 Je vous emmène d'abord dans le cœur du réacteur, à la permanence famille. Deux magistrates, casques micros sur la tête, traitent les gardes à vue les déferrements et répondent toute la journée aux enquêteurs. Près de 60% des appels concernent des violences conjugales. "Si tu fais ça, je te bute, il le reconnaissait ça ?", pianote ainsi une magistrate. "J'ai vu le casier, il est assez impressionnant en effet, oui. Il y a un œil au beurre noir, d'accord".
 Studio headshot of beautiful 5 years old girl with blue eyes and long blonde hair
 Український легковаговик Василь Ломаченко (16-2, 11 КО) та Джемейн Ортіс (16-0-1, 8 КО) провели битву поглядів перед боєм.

* * *

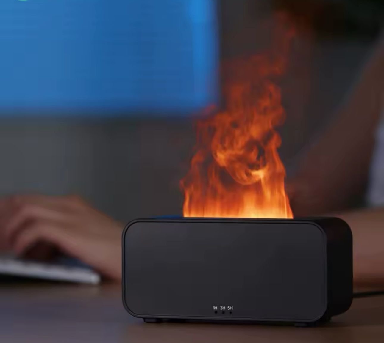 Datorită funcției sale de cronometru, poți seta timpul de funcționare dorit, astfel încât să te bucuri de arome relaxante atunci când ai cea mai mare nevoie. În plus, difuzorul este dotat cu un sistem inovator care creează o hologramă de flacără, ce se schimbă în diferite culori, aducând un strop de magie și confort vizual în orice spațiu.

> Exercise
Reproduce exactly the stretch of the material above that starts at the line with "Je vous emmène" and ends at the line with "Studio headshot of", both included, and nothing else.

> Response for this exercise
 Je vous emmène d'abord dans le cœur du réacteur, à la permanence famille. Deux magistrates, casques micros sur la tête, traitent les gardes à vue les déferrements et répondent toute la journée aux enquêteurs. Près de 60% des appels concernent des violences conjugales. "Si tu fais ça, je te bute, il le reconnaissait ça ?", pianote ainsi une magistrate. "J'ai vu le casier, il est assez impressionnant en effet, oui. Il y a un œil au beurre noir, d'accord".
 Studio headshot of beautiful 5 years old girl with blue eyes and long blonde hair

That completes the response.